WRAPUP 2-US consumer sentiment at 5-year high; inventories jump

Fri Nov 9, 2012 12:41pm EST

* UMich consumer sentiment index rises to 84.9 in early Nov
    * Wholesale inventories gain 1.1 pct in September
    * Forecasters trim 4th-quarter growth expectations -survey


    By Leah Schnurr
    NEW YORK, Nov 9 (Reuters) - An increasingly upbeat view of
the economy and jobs market drove U.S. consumer sentiment to a
more than five-year high in early November, while a jump in
wholesale inventories suggested the economy grew more than
initially estimated last quarter.    
    It was the fourth month that Americans adopted a rosier
economic outlook, even as financial markets show increasing
anxiety about the approach of the "fiscal cliff" of spending
cuts and tax increases set to take effect in the new year, on
fears they could push the country back into recession. 
    Separate data from the government also released on Friday
showed wholesale inventories rose in September by the most in
nine months, prompting economists to raise their forecasts for
third-quarter growth. Inventories are a key element of the
government's measure of economic growth and can highlight
underlying strength or weakness. 
    The index of consumer sentiment from Thomson
Reuters/University of Michigan rose to 84.9 in November from
82.6, topping economists' expectations for a reading of 83.

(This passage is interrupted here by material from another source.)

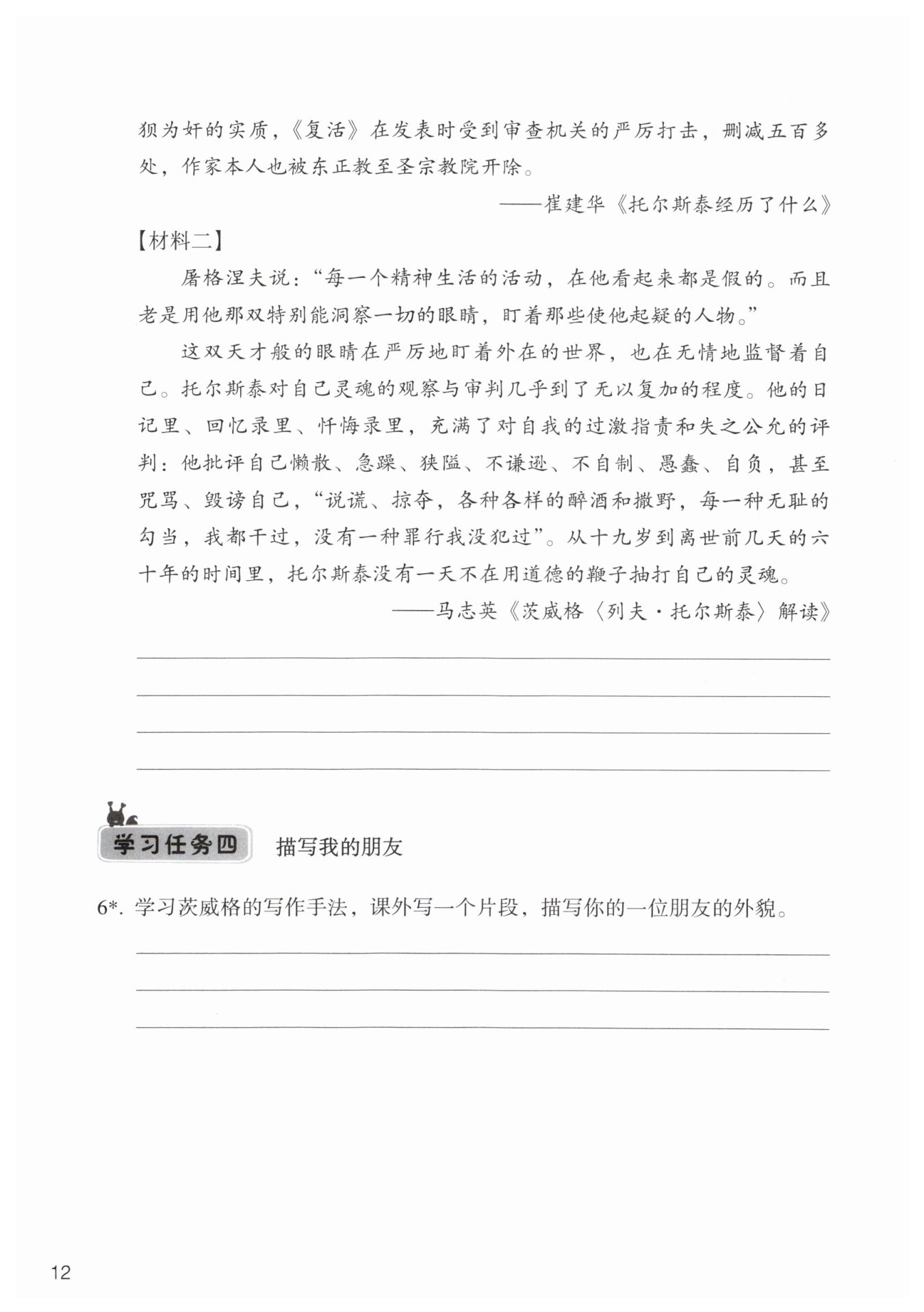 [示例]首先,托爾斯泰目光犀利,敏銳地審視自己的不足,自我剖析、自我批判,因此痛苦;其次,他關(guān)愛農(nóng)民,具有悲憫情懷,而他身為貴族,又厭倦貴族生活,厭惡自己身上的貴族陋習(xí),因此他的精神世界是矛盾的、痛苦的;最后,托爾斯泰能看透事物本質(zhì),能洞察社3會(huì)真相,而看到黑暗現(xiàn)實(shí)卻無力改變,這是最大的痛苦。

    It was the highest level since July 2007. The measure of
consumer expectations also hit a more than five-year high,
rising to 80.8 from 79.0. Most interviews for the survey were
done before Tuesday's presidential election.
    "It shows that the U.S. economy is on a decent footing
heading into the so-called fiscal cliff," said Joe Manimbo,
market analyst at Western Union Business Solutions in
Washington.
    "There's a lot at stake, and there's a lot of momentum that
could be lost if lawmakers don't get their act together."

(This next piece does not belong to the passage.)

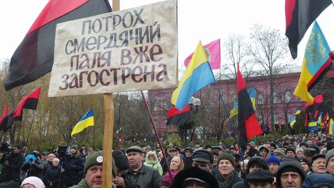 14:39  "При Порошенко расцвела и укрепилась коррупция. Это можно решить только устранением от власти Порошенко. Он создал мафиозные группировки в правоохранительной системе", - говорит со сцены диссидент Степан Хмара.

    Survey director Richard Curtin said the re-election of
President Barack Obama should not have an impact on overall
expectations going forward, but if Washington does not act
quickly to avoid the fiscal cliff, with its $600 billion in
automatic spending cuts and tax rises, consumers could face a
shock. 
    Friday's data came a week after the government's monthly
labor market report showed job growth picked up in October. The
unemployment rate ticked up to 7.9 percent, though it held below
8 percent for the second month in a row.
    But the chances of a comprehensive legislative solution to
the fiscal cliff before Jan. 1 are considered slight, and
members of Congress have been looking for a temporary fix to buy
time.
    While a negative conclusion to the discussions poses a risk
to confidence and spending, "uncertainty over the ultimate
outcome doesn't appear to have troubled consumers unduly thus
far," Barclays economist Peter Newland wrote.
    Obama was expected to make a statement at 1:05 p.m. EST
(1805 GMT). 
    The consumer sentiment survey is now consistent with a gain
in consumer spending of 2.5 percent next year, the report said.
    "Unless the congressional Grinch steals Christmas, prospects
for the holiday shopping season have improved markedly," said
Curtin.
    U.S. stocks bounced higher after the data as equities tried
to recoup some of the steep losses of the past two days.
    
 
    
    INVENTORIES RISE
    The Commerce Department reported that total wholesale
inventories gained 1.1 percent to $494.2 billion, beating even
the highest estimate in a Reuters poll of analysts.
    JPMorgan and Barclays raised their estimates for
third-quarter gross domestic product growth to 3.2 percent from
2.8 percent following the report.
    The government's first reading of growth for the third
quarter showed the economy expanded at a 2.0 percent rate,
though other recent economic reports, including data on trade
and factory orders, have suggested a faster pace of growth.
    Still, some economists cut their expectations for growth in
the fourth quarter, according to a separate survey released on
Friday.
    Economists expect to see growth at an annual rate of 1.8
percent in the current quarter, down from the previous estimate
of 2.2 percent growth, according to the Philadelphia Federal
Reserve Bank's fourth-quarter survey of 39 forecasters.